──────── EXERCISE INPUTS ────────

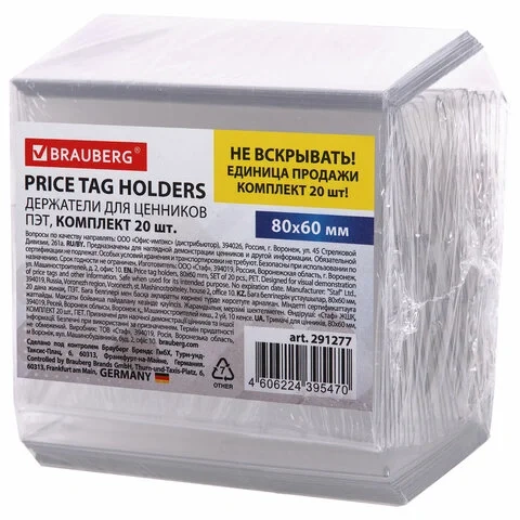 Держатель для ценников Brauberg 80х60мм, 0.5мм, ПЭТ, 20шт/уп
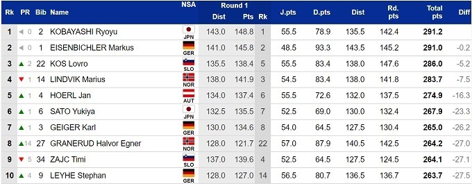 Японский прыгун Рёю Кобаяси выиграл второй этап Турне четырех трамплинов в немцком Гармиш-Партенкирхене. Он всего на 0,2 балла опередил хозяина соревнований Маркуса Айзенбихлера. Победа позволила Кобаяси также перехватить лидерство в общем зачете Кубка мира.
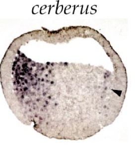 cer1 (cerberus) gene expression in bisected Xenopus laevis embryo, mid-sagittal section, assayed via in situ hybridization, NF stage 10.25, dorsal lip bottom left. (Black arrow indicates the ventral mesendoderm boundary) |
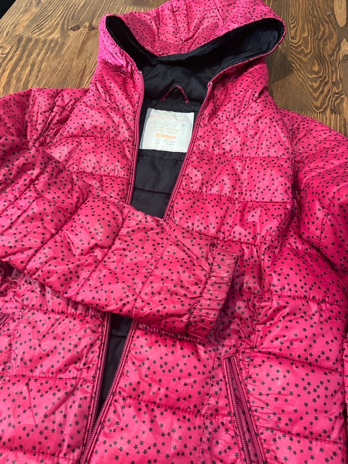 Çok uygun fiyatlı!!Defosuz kapüşonlu, fermuarlı, pembe puantiyeli ve sentetik kumaş mont. Renkli ve çok konforlu rahattır.
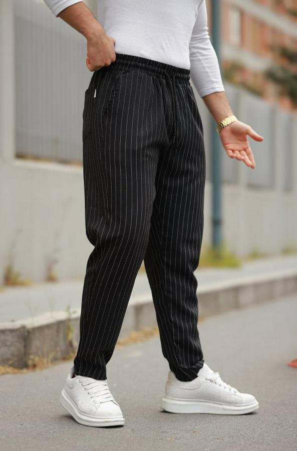 Erkek Beli Bağcıklı çizgili Pantolon
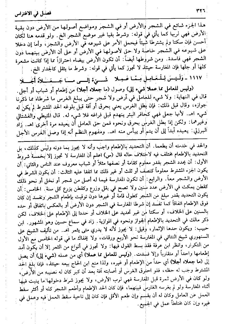 هَذَا الْجُزْء شَائِع فِي الشّجر وَالْأَرْض أَو فِي الشّجر ومواضع أُصُولهَا من الأَرْض دون بَقِيَّة الأَرْض فَهِيَ لِرَبِّهَا كَمَا يَأْتِي فِي قَوْله: وَشرط بقيا غير مَوضِع الشّجر الخ. وَلَو قدمه هُنَا لَكَانَ أحسن فَإِن سكتا وَلم يشترطا شَيْئا فَيحمل الْأَمر على شيوعه فِي الأَرْض وَالشَّجر، وَأما إِن دخلا على شيوعه فِي الشّجر خَاصَّة وَلَا حق لأصولها فِي الأَرْض أَو على أَن الأَرْض بَينهمَا دون الشّجر فَهِيَ فَاسِدَة. وَمن شُرُوطهَا أَيْضا: أَن تكون الأَرْض بَيْضَاء احْتِرَازًا مِمَّا إِذا كَانَت مشعرة كلهَا أَو جلها فَإِن المغارسة حِينَئِذٍ لَا تجوز كَمَا يَأْتِي فِي قَوْله: وَشرط مَا يثقل كالجدار الخ. وَلَيْسَ لِلْعَامِلِ مِمَّا عَمِلا شَيْءٌ إِلَى مَا جَعَلاَهُ أَجَلا (وَلَيْسَ لِلْعَامِلِ مِمَّا عملا شَيْء إِلَى) وُصُول (مَا جعلاه أَََجَلًا) من إطْعَام أَو شباب أَو أجل. قَالَ فِي النِّهَايَة: وَلَا شَيْء لِلْعَامِلِ فِي أَرض وَلَا شجر حَتَّى يبلغ الْغَرْس مَا شرطاه مِمَّا ذكرنَا جَوَازه، وَقَالَ قبل ذَلِك: فَإِن بَطل الْغَرْس يَعْنِي بحرق أَو آفَة قبل بُلُوغه الْحَد الْمُشْتَرط لم يكن لَهُ شَيْء اه. لِأَنَّهَا جعل فَهِيَ كحافر الْبِئْر ينهدم قبل فَرَاغه فَلَا شَيْء لَهُ. قَالَ المتيطي والفشتالي وَغَيرهمَا: وَلَكِن إِذا بَطل الْغَرْس بحرق وَنَحْوه فَمن حق الْعَامِل أَن يُعِيدهُ مرّة أُخْرَى اه. زَاد الْبُرْزُليّ: يُعِيدهُ أبدا إِلَى أَن يتم أَو ييأس مِنْهُ اه. وَمَفْهُوم النّظم أَنه إِذا وصل الْغَرْس الْأَجَل
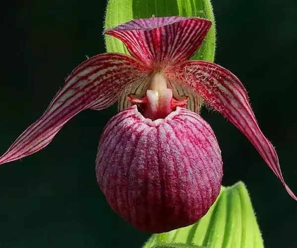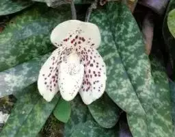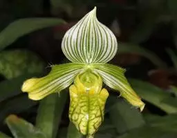 紫纹兜兰 地生或半附生植物。叶基生,二列,3-8枚;叶片狭椭圆形或长圆状椭圆形,长7-18厘米,宽2.3-4.2厘米,先端近急尖并有2-3个小齿,上面具暗绿色与浅黄绿色相间的网格斑,背面浅绿色,基部收狭成叶柄状并对折而互相套叠,边缘略有缘毛。
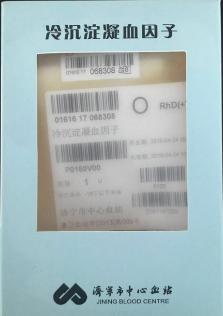 这是一袋冷沉淀凝血因子,主要含有第Ⅷ凝血因子、纤维蛋白原、血管性血友病因子以及纤维结合蛋白。一些特殊病人治疗的有效血液成分,比如先天性或获得性纤维蛋白原缺乏症,先天性或获得性凝血因子Ⅷ缺乏症,血管性血友病,甲型血友病等。
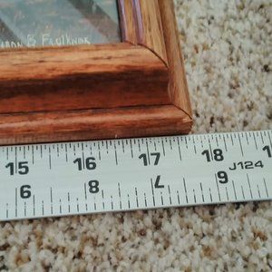 Framed Print called the Six O'Clock News. Print of a general store at dusk with a pickup truck sitting out front, American flag flying out front , old-time gas pump, and a group of geese in the foreground by artist Aaron B. Faulkner. It is listed as a 3-D print, # AF 2576. Unique double matting cut out in the shape of a house. The print is in the back and the front matting. It's hard to photograph a framed pix. Nice wood frame, glass front & finished back. Never used but backing does have 2 rips, see pix. Print alone sells for $50
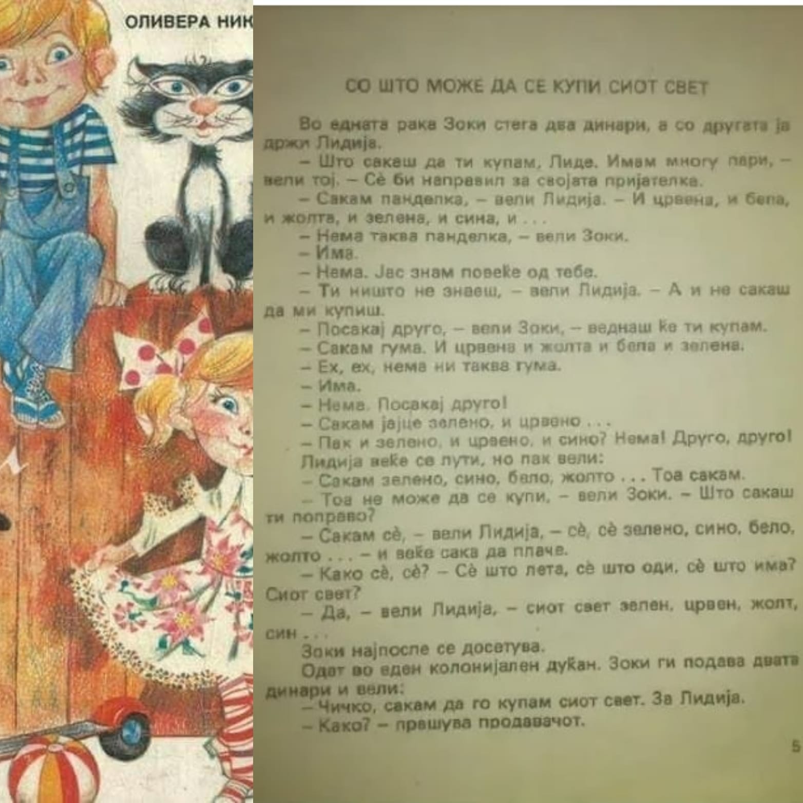 Вчера многу се пишуваше за нејзиниот живот и творештво, а најдобриот начин да се слави животот на еден писател е тоа да се споделуваат неговите дела и мисли. Вчера размислував за тоа колку ја сакав „Зоки Поки“ кога бев мала и колку книгите што ги читаме како деца нè обликуваат како личност. Омилен расказ од „Зоки Поки“ ми беше оној кога Зоки ѝ го купи сиот свет на Лидија и тоа за два денари… Сиот шарен свет со толку многу бои. Па тоа некако ме инспирираше да го пронајдам тој извадок и да го споделам со вас во чест на Оливера Николова и најпознатото книжевно момче од македонската книжевна сцена.
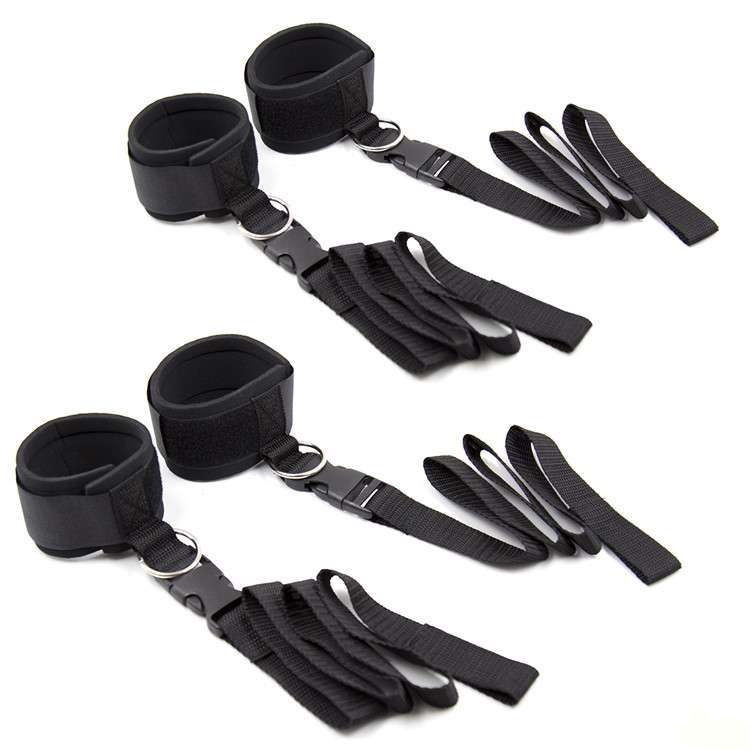 Набор из текстильных ремней с манжетами для рук и ног предназначен для фиксации партнёра к кровати. Размеры наручников и поножей являются универсальными и регулируются с помощью липучки.
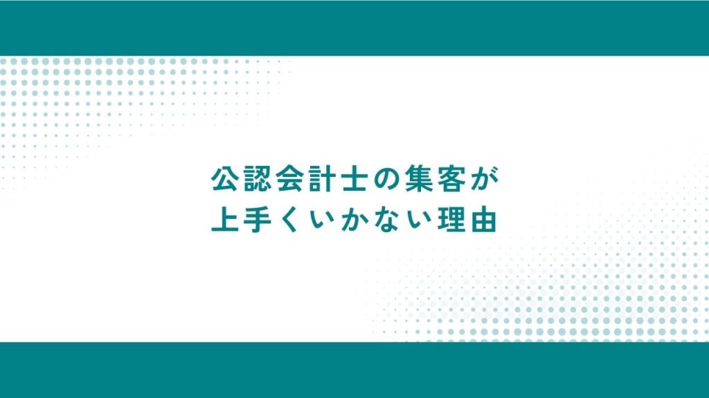 公認会計士の集客がうまくいかない理由としては、サービス内容の伝わりにくさや競合との区別がつきにくいことがあげられます。取り組み方によっては、誰をターゲットにしているか曖昧なことも考えられ、どれか一つでも当てはまると集客効果は大きく下がります。
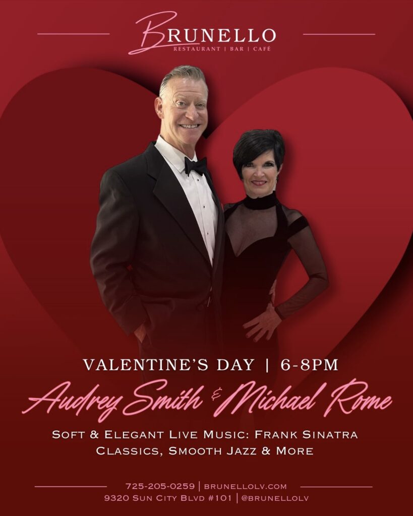 Celebrate the most romantic day of the year with Brunello LV’s Valentine’s Day menu and live music! Savor dishes like Truffle & Caviar Fries, Chilean Sea Bass, Wild Mushroom Ravioli & more while Social Club member Audrey Smith & her partner, Michael Rome, serenade you.

────────

ASSIGNMENT =>
The lines from the start of the data through the line that contains "Erkek Beli Bağcıklı çizgili Pantolon" are to be returned exactly, please, with both ends included and every picture left out.

SOLVED EXERCISE =>
 Держатель для ценников Brauberg 80х60мм, 0.5мм, ПЭТ, 20шт/уп
 Японский прыгун Рёю Кобаяси выиграл второй этап Турне четырех трамплинов в немцком Гармиш-Партенкирхене. Он всего на 0,2 балла опередил хозяина соревнований Маркуса Айзенбихлера. Победа позволила Кобаяси также перехватить лидерство в общем зачете Кубка мира.
 cer1 (cerberus) gene expression in bisected Xenopus laevis embryo, mid-sagittal section, assayed via in situ hybridization, NF stage 10.25, dorsal lip bottom left. (Black arrow indicates the ventral mesendoderm boundary) |
 Çok uygun fiyatlı!!Defosuz kapüşonlu, fermuarlı, pembe puantiyeli ve sentetik kumaş mont. Renkli ve çok konforlu rahattır.
 Erkek Beli Bağcıklı çizgili Pantolon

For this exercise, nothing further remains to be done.